In the end, I found Don’t Let the Forest In to be a twisted fairytale that had more thorns than roses. A happy ending isn’t always needed—nor possible, as is true to life, but the payoff never quite seemed to match the promise. And that’s where this book fell short for me.
There were a lot of things I didn’t particularly care for in this book. One, I found it difficult to like or sympathize with Andrew. You don’t always have to like a main character, but you should at least sympathize with them. As a reader, you are following their journey and hoping to witness change by the end, and sympathy/empathy plays a large role in this. Without either, I don’t believe you have much for a compelling story.
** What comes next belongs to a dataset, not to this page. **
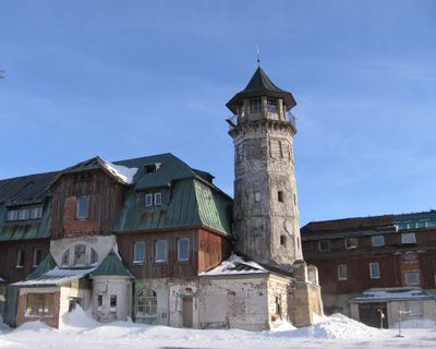 Construction of the first wooden tower began in 1817 for visitors of Karlsbad spa, later replaced by the stone Kaiser-Franz-Josephs-Turm between 1883 and 1884.

Andrew didn’t make Drews’ novel unreadable, but I found myself often losing interest in his story. I’m still unsure if he really loved Thomas or if he was just narcissistic and manipulative. Obsessed might be the best-suited word.
Then there were the monsters. I wish they were scarier, and I wish they held more of a purpose. If they had one, it was very lightly implied. Including the illustrations for the monsters was a nice touch, and the artwork often reminded me of Scary Stories to Tell in the Dark, which were terrifying by the way—but I never felt like they affected much. At least not in a way that was concrete. Yes, people died (and they didn’t), but those deaths or attacks were simply ignored. So, were the monsters real or not? Were they just manifestations of Andrew’s depression/insecurities/subconscious or not? You can’t have these things just chilling in the woods sometimes and then ravaging the school and killing characters when they feel like it? So is the threat constant or not? The reveal of what was bringing them to life was also anticlimactic. It was apparent Thomas’s drawings were never the source. At least after the second attempt. Why did the characters never think to link the monsters to Andrew when they were his creations to begin with? That should have been obvious.
It became very apparent that Dove was dead after the second or third hint in the final act of the book. It did feel like this development came a little late and out of nowhere, but by the time you saw it coming, the second “bait and switch” happens. Dove, a ghost of her brother’s imagination, leads him out into the woods. Here, she tries to convince him that Thomas is the one he’s made up this whole time—that he was arrested for his parents murder early on in the book and that all the rest was just a fever dream. But it doesn’t work. The whole scene is thin and transparent as the other characters have already made it plain that Dove is the one who’s dead and they’ve also interacted enough with Thomas for him to be real. So, the attempt at subverting the actual secret—that Dove died their previous year at school as a result of an accident in the forest—is entirely futile. In the next scene, Thomas reveals Dove’s fate only for it to have no impact. I admire the idea, and it could have worked, but I don’t think this execution served the plot any.
And then there was the ending. Did Thomas die? Did he not? Did anyone at the school really die? Did they not? Was Dove the only one who was actually dead? Were the monsters real? I guess they had to be if Thomas’s parents were dead and they were supposedly responsible for their death. So many questions unanswered. Far too much ambiguity.